The domain and contact passwords should be blanked out in the logging. Please make sure that you are using the most recent version.

We are not that sensitive about clID. Same as the username when logging in, this is not blanked out in the logging. If you need that, feel free to adapt the code and create a pull request.

[joveice]

I am using the latest at @master since there are no tagged new releases with the norid stuff I have worked on. And here the pw is clearly logged in cleartext.

[metaregistrar]

I will look into this asap.

[joveice]

@metaregistrar any updates on this / are there a work around? Currently using 1.0.8

[metaregistrar]

Hi,

Created a new version on DEV that hides domain:pw and contact:pw

As said, we're not so sensitive about clid, because on many occasions this is also shown in the WHOIS of certain registrars.
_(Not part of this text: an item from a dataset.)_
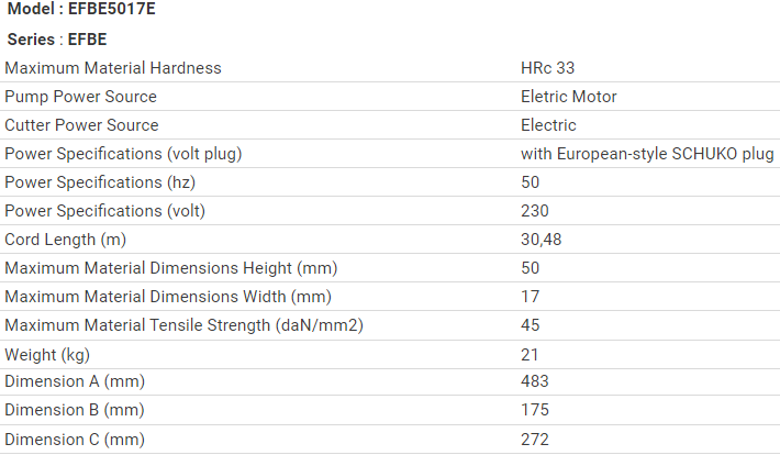 - Máy cắt thép thủy lực Enerpac EFBE5017E, Enerpac Electric Hydraulic Rebar Cutter EFBE5017E là loại máy có lực đẩy max: 29.8 tấn, khả năng cắt thép tấm/phẳng size : 17 x 50 mm (HRC 33), chuyên được sử dụng trong ngành xây dựng, cơ khí, sản xuất sắt thép.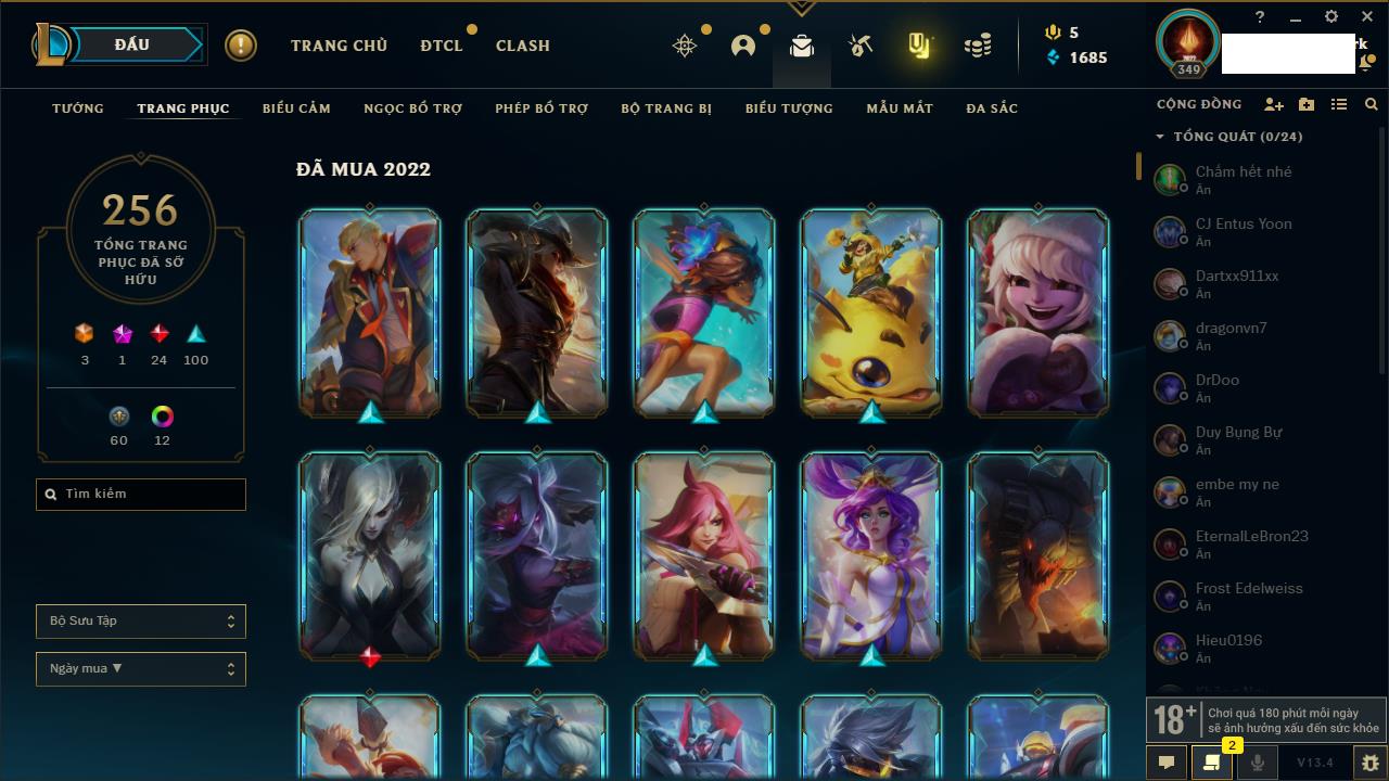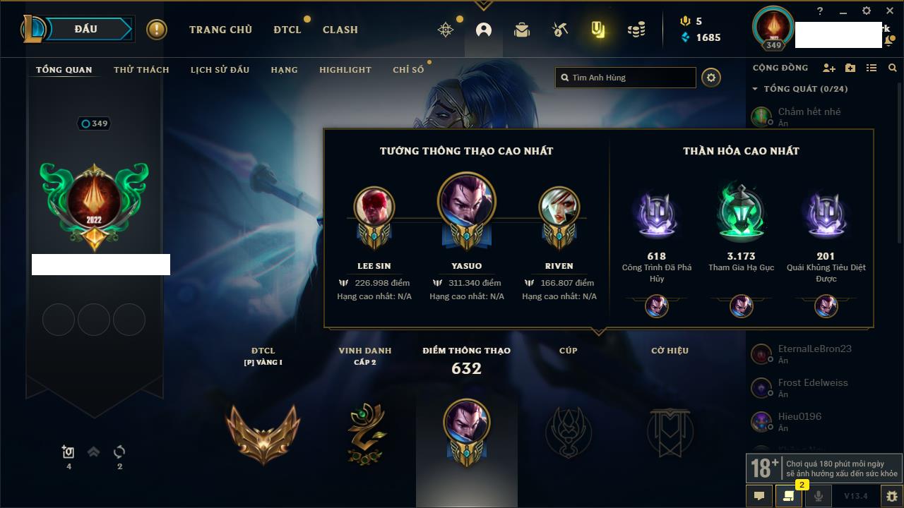 Rank Đơn: Đồng IKhung: ĐồngTướng: 168 - Còn 11447 THXTrang Phục: 245Rank ĐTCL: Chưa RankLinh Thú: 53

Do you need a new version / tag?

[joveice]

@metaregistrar not sure what you meant by dev, could not see a branch. Yes I noticed that the clid wasn't sensitive so that's fine.

Yes for a final release I will need a tag to stick too.

[metaregistrar]

dev is the latest, untested, unreleased code.

i have drafted version 1.0.9 now, for your use.

[joveice]

@metaregistrar ah gotcha, I will test it out now.

[joveice]

@metaregistrar This works, thanks a lot!